◆ **TASK DIRECTIONS**:
Take the whole listing and reproduce it exactly, pictures excepted.

◆ **DATASET CONTENT**:
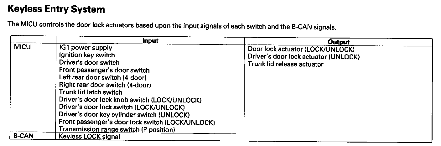 The MICU (built into the under-dash fuse/relay box) is one of the B-CAN components. The MICU controls many systems related to the body controller area and a security system, and also works as a gateway to diagnose the other B-CAN connected ECUs with the HDS.
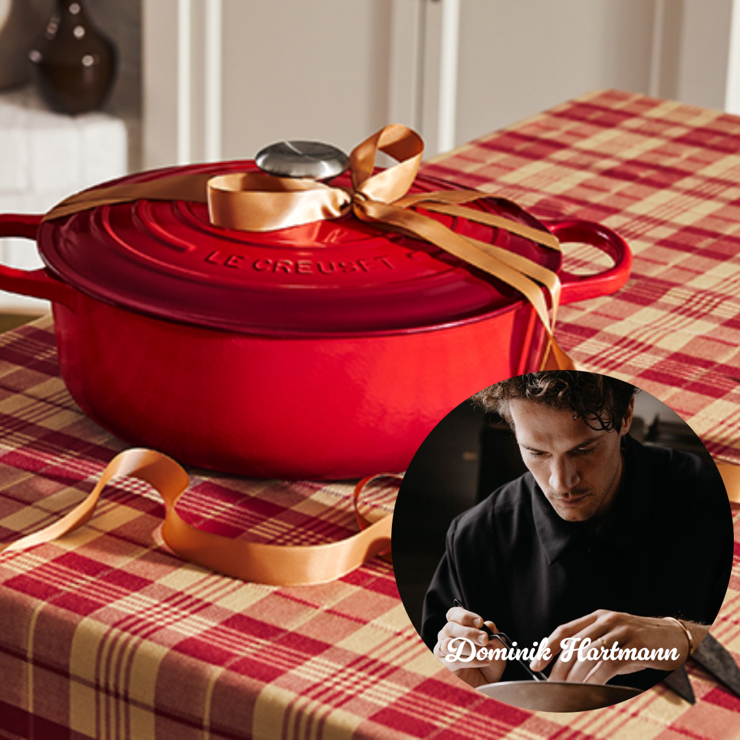 "Une cocotte est le cadeau parfait ! Les plats mijotés sont sous-côtés, alors qu’ils permettent de révéler et sublimer la saveur de nombreux légumes et viandes… Une cocotte peut même cuire du pain ! C'est, selon moi, un indispensable en cuisine." - Dominik Hartmann.
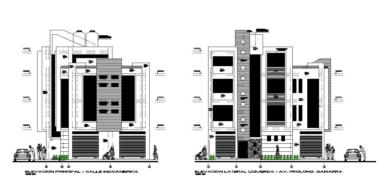 An elevation view of 13x13m house building is given in this Autocad drawing file. This is G+2 house building. In this plan two houses are available. These houses are consists of kitchen, dining area, master bedroom, guest room, common toilet and other details are mentioned. For more details download the Autocad drawing file. Thank you for downloading the Autocad drawing file and other CAD program files from our website.

◆ **FINISHED EXERCISE**:
 The MICU (built into the under-dash fuse/relay box) is one of the B-CAN components. The MICU controls many systems related to the body controller area and a security system, and also works as a gateway to diagnose the other B-CAN connected ECUs with the HDS.
 "Une cocotte est le cadeau parfait ! Les plats mijotés sont sous-côtés, alors qu’ils permettent de révéler et sublimer la saveur de nombreux légumes et viandes… Une cocotte peut même cuire du pain ! C'est, selon moi, un indispensable en cuisine." - Dominik Hartmann.
 An elevation view of 13x13m house building is given in this Autocad drawing file. This is G+2 house building. In this plan two houses are available. These houses are consists of kitchen, dining area, master bedroom, guest room, common toilet and other details are mentioned. For more details download the Autocad drawing file. Thank you for downloading the Autocad drawing file and other CAD program files from our website.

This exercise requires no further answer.